At the same time, the doctor must:
- Make critical judgments about the information and recommendations generated by AI systems.
- We only use systems that guarantee minimum information security standards compatible with the protection of sensitive personal data in Brazil.
- Maintain up-to-date information about AI systems applied to healthcare, including their capabilities, purpose, limitations, risks, and level of scientific evidence.
- Notify patients whenever AI is used to support diagnosis, care, or treatment and record this information in the patient’s medical record. and
- Respect the patient’s informed refusal and uphold the integrity of the physician-patient relationship, clinical listening, empathy, confidentiality, and respect for human dignity.
Regarding medical liability, the resolution makes clear that physicians will continue to take full responsibility for professional actions performed with the assistance of AI. However, liability may be waived if the failure is caused solely by the AI system. However, this is conditional on physicians demonstrating that they use such tools diligently, critically, and ethically. Delegating communication to patients regarding diagnosis, prognosis, or treatment decisions to AI is expressly prohibited.
III. Protection of personal data
Patient personal data used in the development, training, validation, and implementation of AI systems must strictly comply with the Brazilian General Data Protection Law (“LGPD”) and health information security standards. Institutions must implement security measures that can protect data from risks such as destruction, loss, alteration, leakage, and unauthorized access.
The resolution adopts the principle of “privacy by design,” which requires privacy policies to be embedded throughout the lifecycle of AI systems, from development to updates and retraining, while adhering to ethical and scientific principles. In this context, technical and administrative security measures should be implemented according to the state-of-the-art and criticality of the data and systems involved.
Additional obligations strengthen physician confidentiality and may result in regulatory sanctions in the following cases:
- failure to protect the confidentiality, integrity, and security of health data used in AI systems;
- Failing to ensure the appropriate processing of patient data, especially sensitive data, with respect to the processing purposes communicated to the data subject.

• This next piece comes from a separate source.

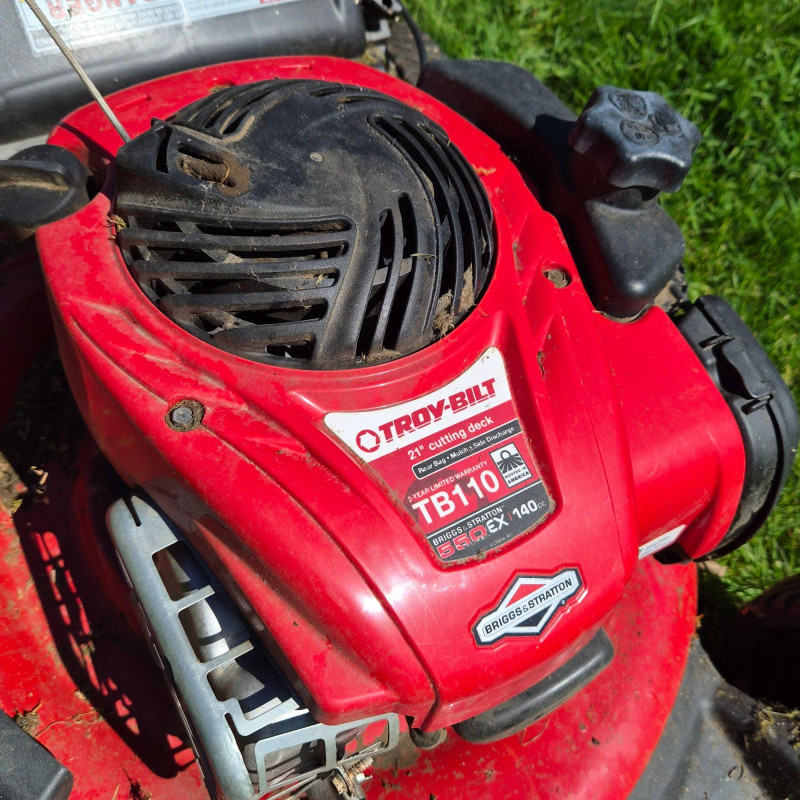Troy‑Bilt TB110 gas lawnmower powered by the trusted Briggs & Stratton 550EX 140cc engine. This model features a 21‑inch cutting deck, giving you efficient coverage for small to medium lawns while delivering a clean, even cut. The TB110 is known for its straightforward operation, solid build, and reliable performance. This unit starts and runs, making it a ready‑to‑use option for spring and summer yard care. Model number 11A‑A2BM711. A great choice for homeowners who want a no‑nonsense mower with proven engine power. Works. Could use a tune up and fresh gas.

- Failure to notify competent authorities of suspected failures, significant risks, or inappropriate use of AI that could harm patients or health care. or
- Use of AI technology that does not ensure appropriate information security standards.
conclusion
The resolution issued by the CFM represents an important regulatory milestone in the fields of data privacy, artificial intelligence, and bioethics, recognizing technological innovation while upholding best practices and human dignity in healthcare. Therefore, professionals and institutions implementing AI technologies are strongly advised to have a regulatory legal plan in place to ensure compliance and reduce the potential risk of enforcement by authorities such as the Brazilian Data Protection Agency (ANPD) or the Federal Medical Council.
See the full resolution.
*This content was created with the participation of Ana Loiola, Legal Clerk.